Young people needing beds urgently for their mental health needs are waiting for long periods on acute general hospital wards, before being placed on wards far from where they live, according to a new cross-ARC collaboration led by ARC East Midlands.

The research, which was led by experts from the University of Nottingham, found that more than 40% of young people experienced waits of 7 days or more to be admitted to an adolescent mental health unit, with the majority waiting in acute hospital settings such as paediatric or general medical wards or the emergency department. Other ARCs involved include ARC East of England, ARC Greater Manchester, ARC West Midlands and ARC Oxford and Thames Valley.

The study, which is published in BMJ Mental Health, investigated young people’s admissions to mental health units far away from home to a general adolescent mental health unit either more than 50 miles from home, or in another NHS region, or to an adult mental health ward. It found that more than half of young people admitted at a distance were placed in a mental health unit between 50 and 100 miles from home, with the majority of young people remaining in the same unit throughout their admission. At a six-months follow-up, 20% were still in hospital.

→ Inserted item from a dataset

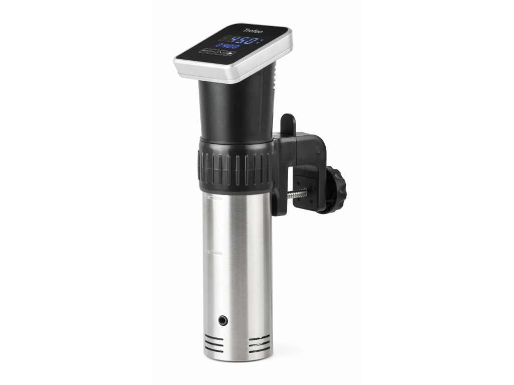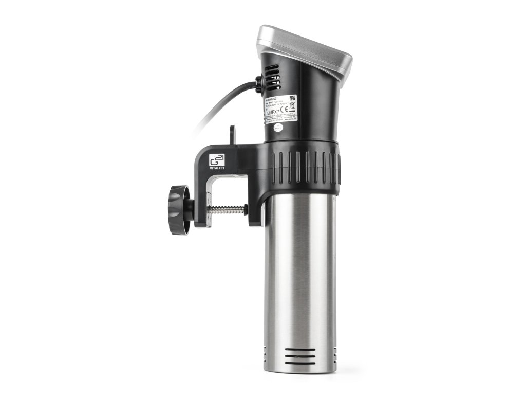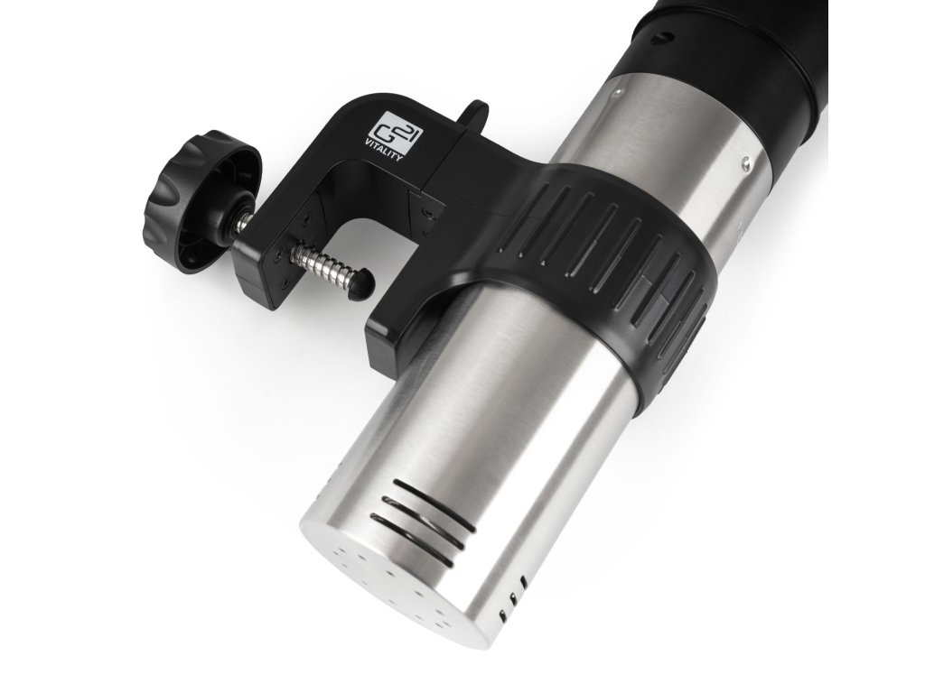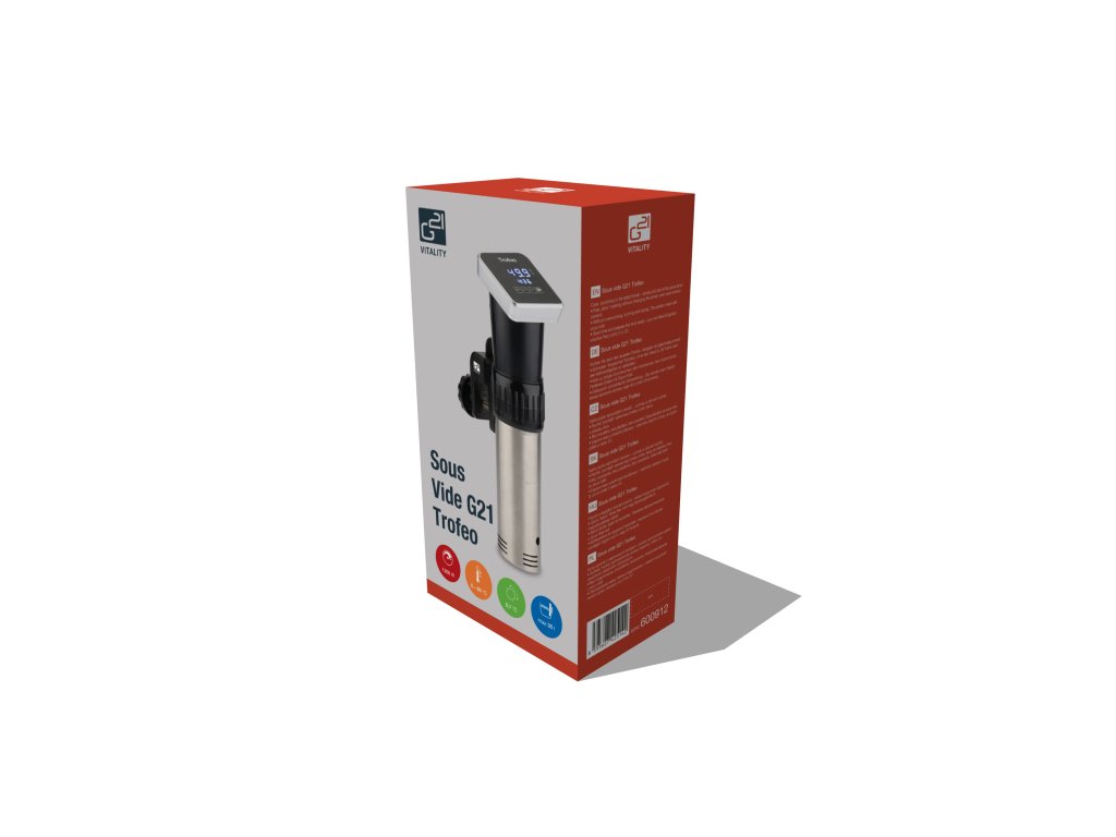 Ponorný pomalý vařič G21 Trofeo s příkonem 1 200 W je skutečným mistrem v sous-vide vaření ve vakuu. Je připraven pro každodenní bezpečné použití a vyladěný do nejmenších detailů. Elegantní tělo se skládá ze dvou částí – ponorná část s vnitřní varnou spirálou a vrchní část s elektronikou a kulatým dotykovým displejem. Pro bezpečné zavěšení sous-vide vařiče G21 Trofeo na okraj varné nádoby jsme ponorný vařič vybavili posuvným upevňovacím klipsem.

Dr Josephine Holland, from the School of Medicine at the University of Nottingham, was one of the lead authors of the study. She said: “Young people are waiting a long time for a mental health bed, something which those who have assessed them feel they need as a matter of emergency. This forces them to wait in places which are not quite right for a young person experiencing a mental health crisis.”

Professor Kapil Sayal, also from the School of Medicine, and senior author on the study, said: “The findings of our study also show that admission at distance contributed to delays to discharge in over a third of these cases. A longer time in hospital means more time away from family, friends and school. The fact that discharge was delayed for over a third of these young people means that they spent even longer away from these important support networks.”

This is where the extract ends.